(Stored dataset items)
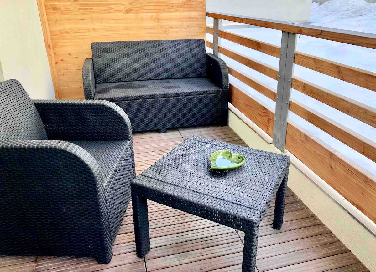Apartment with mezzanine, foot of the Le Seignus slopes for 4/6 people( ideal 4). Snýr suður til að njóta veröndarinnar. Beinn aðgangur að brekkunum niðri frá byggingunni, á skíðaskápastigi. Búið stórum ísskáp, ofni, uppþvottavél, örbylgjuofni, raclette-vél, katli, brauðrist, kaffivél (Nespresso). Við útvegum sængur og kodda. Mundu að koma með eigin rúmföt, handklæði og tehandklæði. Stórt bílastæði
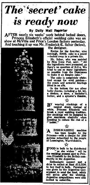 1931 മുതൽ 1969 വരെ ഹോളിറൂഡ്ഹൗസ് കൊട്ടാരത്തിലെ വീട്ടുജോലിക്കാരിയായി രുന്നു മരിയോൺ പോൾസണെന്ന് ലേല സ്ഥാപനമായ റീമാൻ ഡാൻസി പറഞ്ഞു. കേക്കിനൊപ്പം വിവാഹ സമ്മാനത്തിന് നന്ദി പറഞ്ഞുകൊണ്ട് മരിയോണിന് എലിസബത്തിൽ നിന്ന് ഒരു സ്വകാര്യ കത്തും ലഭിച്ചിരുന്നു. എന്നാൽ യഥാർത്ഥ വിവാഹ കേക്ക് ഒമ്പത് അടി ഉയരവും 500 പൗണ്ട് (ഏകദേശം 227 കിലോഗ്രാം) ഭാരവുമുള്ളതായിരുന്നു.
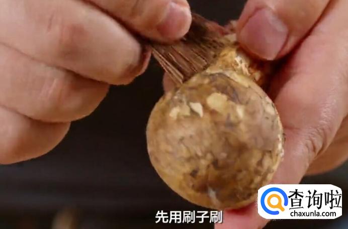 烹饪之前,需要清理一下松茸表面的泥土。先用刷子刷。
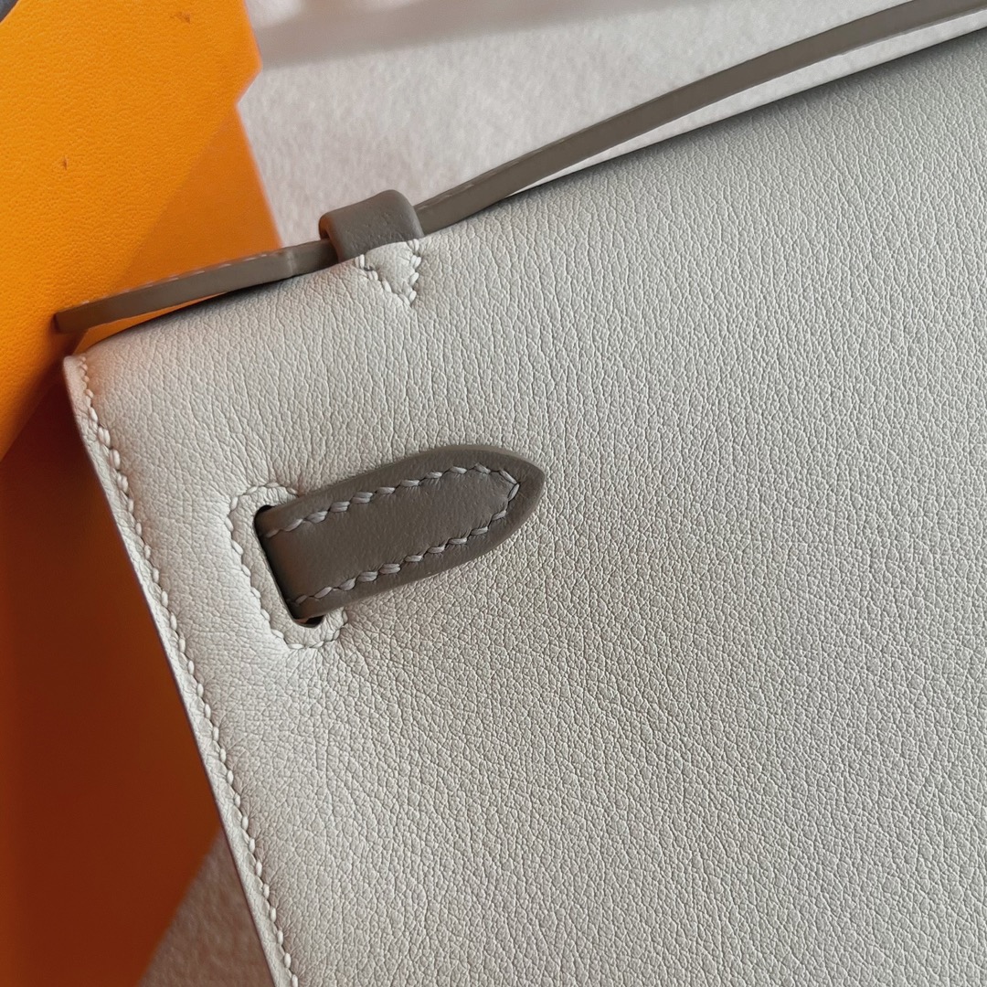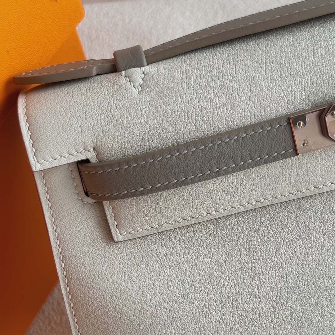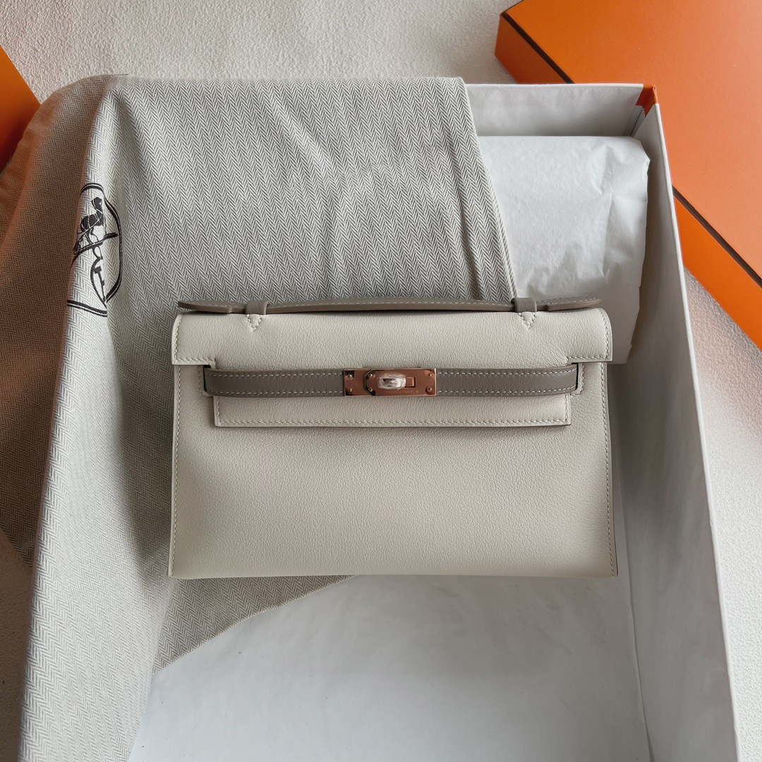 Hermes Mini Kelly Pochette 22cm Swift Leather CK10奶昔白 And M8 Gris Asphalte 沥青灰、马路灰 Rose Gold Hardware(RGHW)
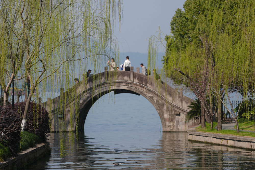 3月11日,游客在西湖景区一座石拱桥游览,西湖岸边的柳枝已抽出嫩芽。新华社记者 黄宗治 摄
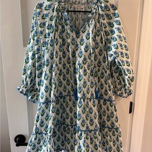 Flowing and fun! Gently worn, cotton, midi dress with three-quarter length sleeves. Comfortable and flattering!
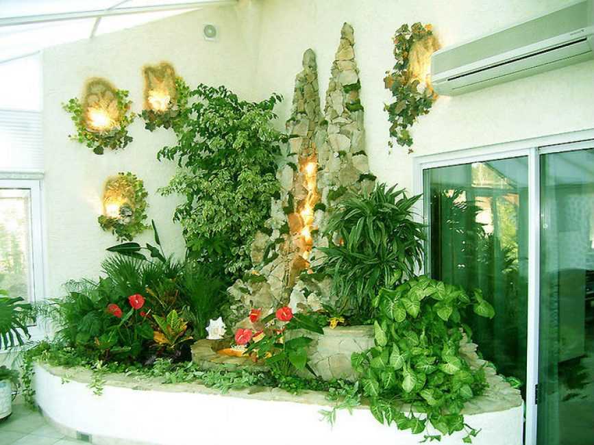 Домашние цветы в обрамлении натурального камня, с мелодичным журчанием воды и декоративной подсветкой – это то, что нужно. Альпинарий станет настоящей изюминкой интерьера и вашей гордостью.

◆ **WORK TASK**:
Print every entry exactly. Pictures are not part of the copy.

◆ **WRITTEN REPLY**:
Apartment with mezzanine, foot of the Le Seignus slopes for 4/6 people( ideal 4). Snýr suður til að njóta veröndarinnar. Beinn aðgangur að brekkunum niðri frá byggingunni, á skíðaskápastigi. Búið stórum ísskáp, ofni, uppþvottavél, örbylgjuofni, raclette-vél, katli, brauðrist, kaffivél (Nespresso). Við útvegum sængur og kodda. Mundu að koma með eigin rúmföt, handklæði og tehandklæði. Stórt bílastæði
 1931 മുതൽ 1969 വരെ ഹോളിറൂഡ്ഹൗസ് കൊട്ടാരത്തിലെ വീട്ടുജോലിക്കാരിയായി രുന്നു മരിയോൺ പോൾസണെന്ന് ലേല സ്ഥാപനമായ റീമാൻ ഡാൻസി പറഞ്ഞു. കേക്കിനൊപ്പം വിവാഹ സമ്മാനത്തിന് നന്ദി പറഞ്ഞുകൊണ്ട് മരിയോണിന് എലിസബത്തിൽ നിന്ന് ഒരു സ്വകാര്യ കത്തും ലഭിച്ചിരുന്നു. എന്നാൽ യഥാർത്ഥ വിവാഹ കേക്ക് ഒമ്പത് അടി ഉയരവും 500 പൗണ്ട് (ഏകദേശം 227 കിലോഗ്രാം) ഭാരവുമുള്ളതായിരുന്നു.
 烹饪之前,需要清理一下松茸表面的泥土。先用刷子刷。
 Hermes Mini Kelly Pochette 22cm Swift Leather CK10奶昔白 And M8 Gris Asphalte 沥青灰、马路灰 Rose Gold Hardware(RGHW)
 3月11日,游客在西湖景区一座石拱桥游览,西湖岸边的柳枝已抽出嫩芽。新华社记者 黄宗治 摄
 Flowing and fun! Gently worn, cotton, midi dress with three-quarter length sleeves. Comfortable and flattering!
 Домашние цветы в обрамлении натурального камня, с мелодичным журчанием воды и декоративной подсветкой – это то, что нужно. Альпинарий станет настоящей изюминкой интерьера и вашей гордостью.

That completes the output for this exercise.